LAWS(PVC)-1943-3-48

UMAKANTA NAYAK Vs. GYANENDRA PRASAD BOSE

Decided On March 11, 1943
UMAKANTA NAYAK Appellant
V/S
GYANENDRA PRASAD BOSE Respondents

JUDGEMENT

(1.) THIS application is by the defendant and is directed against an order of the Collector made under Section 204(5), Orissa Tenancy Act. The application arose out of a suit by the plaintiff to recover what has been called rent from the defendant on the basis of a document executed by the defendant in plaintiff's favour, which has been called an ijara kabuliat. By this document the defendant acquired the right to collect rent from the cultivators in consideration of an agreement by him to pay to the plaintiff a sum of Rs. 1201-7-0 annually for the years 1342, 1343 and 1344. THIS sum was payable by the defendant to the plaintiff irrespective of the amount of rent collected by the defendant from the cultivators. On failure to make this annual payment within the stipulated time the plaintiff was declared entitled to put up for sale certain of the defendant's properties which were hypothecated by the document as security for the due performance of the defendant's obligation to pay to the plaintiff the annual sum that I have mentioned. The defence to the suit was that the rent Court in which the suit was instituted had no jurisdiction to entertain it. The Deputy Collector overruled this contention holding that the suit was governed either by Clause (a) or Clause (b) of Section 193, Tenancy Act. The Collector was then moved under Clause (5) of Section 204 but declined to interfere. A preliminary objection was taken by the plaintiff in this Court that the defendant was not entitled to come to this Court for revision of the Collector's order after the Collector himself refused to exercise the revisional powers which he possesses under Section 204(5). The Collector is admittedly a Court subordinate to this Court within the meaning of Section 115, Civil P. C, and therefore, this Court has power to revise an order made by him under Section 204 (5), whether the order be one accepting the order of the subordinate Court or refusing to do so.

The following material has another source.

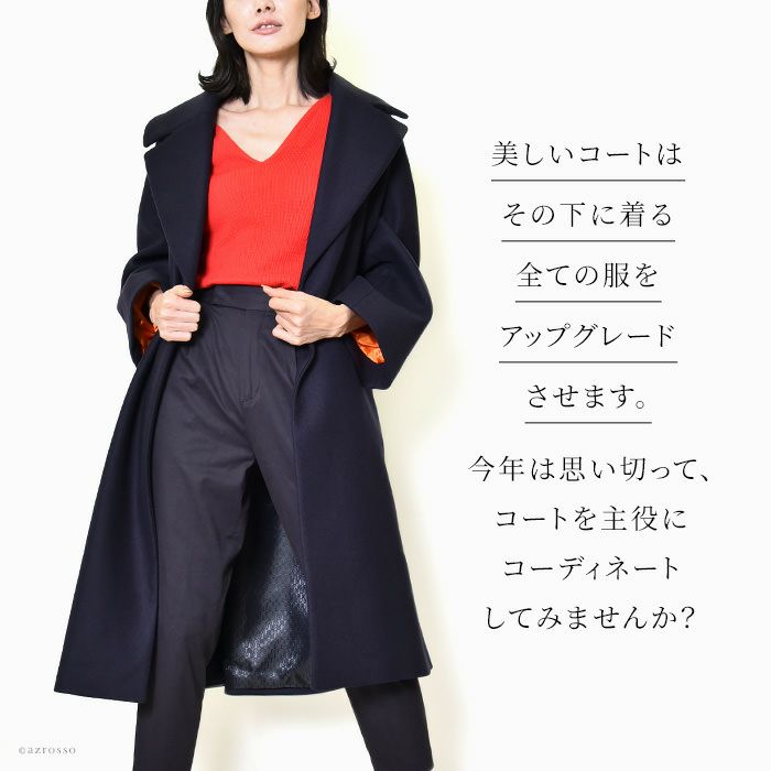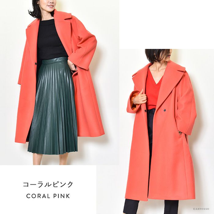 パッと目を惹く深くも鮮やかなチェスターコートをフランス パリの高級コート専門ブランドLENER(レネール レネル)から。希少で美しいバージンウール混レディースロングコートは秋冬の通勤 旅行にぴったり バージンウール チェスターコート ロング コート レディース アウター ブランド MAISON LENER メゾン レネール ネイビー コーラル ピンク
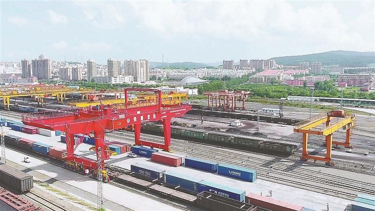 6日上午,百年口岸綏芬河鐵路車站換裝貨場內(nèi),塔吊在高效有序地對進出境貨運列車進行著換裝作業(yè)。

(2.) THE substantial question in this case is as to the status of the defendant under the ijara kabuliat to which I have already referred. If the defendant's status be that of a mere rent collector and the suit be for money received by him for the plaintiff as the latter's agent, then the suit is governed by Section 193 (b) and the rent Court has jurisdiction to entertain it. But in my view the present suit cannot be so regarded. It is not a suit for money received by the defendant for the plaintiff. THE money recoverable by the defendant from the cultivators was for himself. THE plaintiff was in no way interested in the money or had any right to it. His right was to obtain a fixed, sum from the defendant and that fixed sum was recoverable by him whether the defendant succeeded in realising any money from the cultivators or not. I therefore agree with the defence contention to this extent that the suit is not governed by Clause (b) of Section 193. But the very acceptance of this contention in the circumstances of the present case brings the suit within Clause (a). If the position be as, in my opinion, it is, that the defendant has acquired from the plaintiff the right to collect rent from the cultivators in consideration of a fixed annual sum payable to the plaintiff, then the status of the defendant is that of a tenure-holder under the plaintiff although there are restrictions on his powers in the deed itself which are not always to be found in documents creating tenures. THE essential status of the defendant, however, is that of a tenureholder, that is to say, a person who has acquired from the proprietor a right to hold land for the purposes of collecting rent. In this view of the matter, the order of the Court below must be affirmed and this rule discharged with costs.